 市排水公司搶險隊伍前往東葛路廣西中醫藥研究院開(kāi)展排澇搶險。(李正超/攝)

---

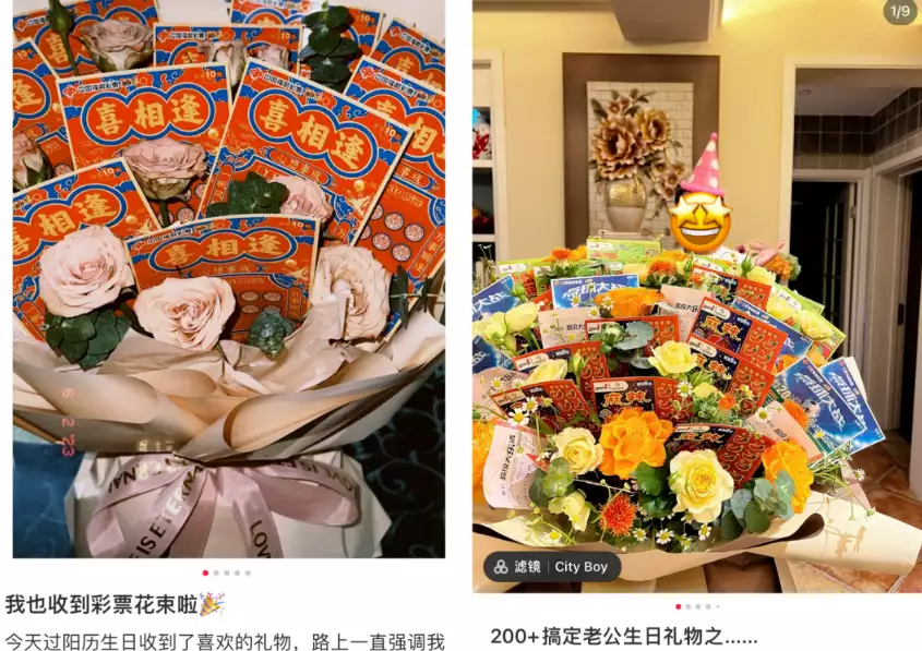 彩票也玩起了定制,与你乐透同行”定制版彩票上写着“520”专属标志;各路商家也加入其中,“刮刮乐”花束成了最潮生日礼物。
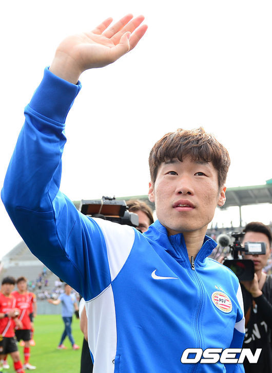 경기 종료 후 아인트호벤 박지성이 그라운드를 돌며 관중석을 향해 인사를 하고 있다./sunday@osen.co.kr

---

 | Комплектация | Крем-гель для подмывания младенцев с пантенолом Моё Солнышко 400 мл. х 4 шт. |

(PROBLEM STATEMENT):
In the records above, find the line with "彩票也玩起了定制,与你乐透同" and the line with "경기 종료 후 아인트호벤"; please transcribe exactly those two lines and all lines between them, omitting any picture.

(EXERCISE ANSWER):
 彩票也玩起了定制,与你乐透同行”定制版彩票上写着“520”专属标志;各路商家也加入其中,“刮刮乐”花束成了最潮生日礼物。
 경기 종료 후 아인트호벤 박지성이 그라운드를 돌며 관중석을 향해 인사를 하고 있다./sunday@osen.co.kr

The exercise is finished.